I can still remember the day he made his threat. I was in high school, and he’d already graduated, but he still kept a close watch on me, as we’d already made our deal by then. I was walking with this nice boy, Billy, after school, on the way to the bus, when he made the mistake of putting his arm around me, just trying to comfort me when I was feeling down about my father. A few seconds later, tires came screeching up and Shayne lunged out of his truck and onto poor Billy. Kid didn’t stand a chance. Within seconds his limp body was on the ground, and I was beating on Shayne, swearing I would run away, that he would never have me. That’s when he grabbed me, shoved me against the truck, and with his hand clamped around my jaw, said, ‘If you run, I’ll kill every one of those precious fucking horses you love so much. And I’ll make sure they all die a slow, painful death.’

I knew it wasn’t just an idle threat. He would make good on his promise, I was sure of it. And poor Billy wound up in the hospital with a broken jaw and his eyes swollen shut. But no charges were ever pressed against Shayne though. Imagine it has something to do with the sheriff being a good friend of the McAllister’s. That, and Shayne’s family owned the building that Billy’s parents leased for their bakery.

I let the memory go, and run my trembling hands over the horses one by one, checking them over, noticing how they’re backs are starting to sway, how the hair around their muzzles is turning grey. My heart breaks when I think of the time I’ll have to be away from them, but there’s nothing I can do about it.

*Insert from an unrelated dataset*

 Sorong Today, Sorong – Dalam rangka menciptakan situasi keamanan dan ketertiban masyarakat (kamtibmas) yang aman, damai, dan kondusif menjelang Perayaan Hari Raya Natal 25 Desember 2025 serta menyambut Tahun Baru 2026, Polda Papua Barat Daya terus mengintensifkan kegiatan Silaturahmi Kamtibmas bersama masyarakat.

But there is something I can do.

“I’ll be back before dawn breaks,” I whisper. “Then after I pay my debt, that place will be mine, and I can make my dream come true. I’ll be able to rescue all the other horses out there that need homes, just like Helen did with you guys.”

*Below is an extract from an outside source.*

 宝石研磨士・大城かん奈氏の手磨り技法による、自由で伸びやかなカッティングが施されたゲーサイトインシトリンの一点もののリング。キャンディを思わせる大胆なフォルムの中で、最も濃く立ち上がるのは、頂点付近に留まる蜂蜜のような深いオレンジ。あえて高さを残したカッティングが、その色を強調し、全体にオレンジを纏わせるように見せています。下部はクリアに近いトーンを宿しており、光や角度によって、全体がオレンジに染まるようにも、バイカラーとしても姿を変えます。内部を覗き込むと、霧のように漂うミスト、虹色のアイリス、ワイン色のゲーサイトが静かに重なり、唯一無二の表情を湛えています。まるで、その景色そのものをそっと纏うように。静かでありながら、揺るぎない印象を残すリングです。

I give them all one last hug, wipe my tears away, then make my way back through the fence and over to the little groomed clearing off to the side, surrounded by a small, white picket fence. I walk through the gate and over to the two, grey headstones and pull a few weeds and clear out a few leaves, then kneel between them and place my hands on the grass, over where they both lie. I never knew Paul, their son, but I feel like I did. Helen would talk about him sometimes. She’d pull out the old photo albums and show me pictures, pointing at him with her knotted fingers and saying in her soft, gentle voice how much he looked like his father. Then her eyes would get all teary and she’d have to put the albums away. It was hard for me, seeing her like that, and she knew it too, so afterwards, she’d always pat my leg and say with a smile, ‘Let’s go make some cookies,’ or ‘Let’s go play with the horses.’

Helen.

I’m not sure how I would’ve turned out if it wasn’t for her. I wish we’d had more time together. She passed on in her sleep, when I was twelve. I often wonder what she’d think of me, given all I’ve done, and all I’m about to do. In my heart though, I know she’d understand. It still doesn’t make the hurt go away. Her words come to me then. Something she told me once, not long after my mom left. ‘You can kick, and scream, and cry when no one’s looking, but don’t you ever give up, Ava. Never give up.’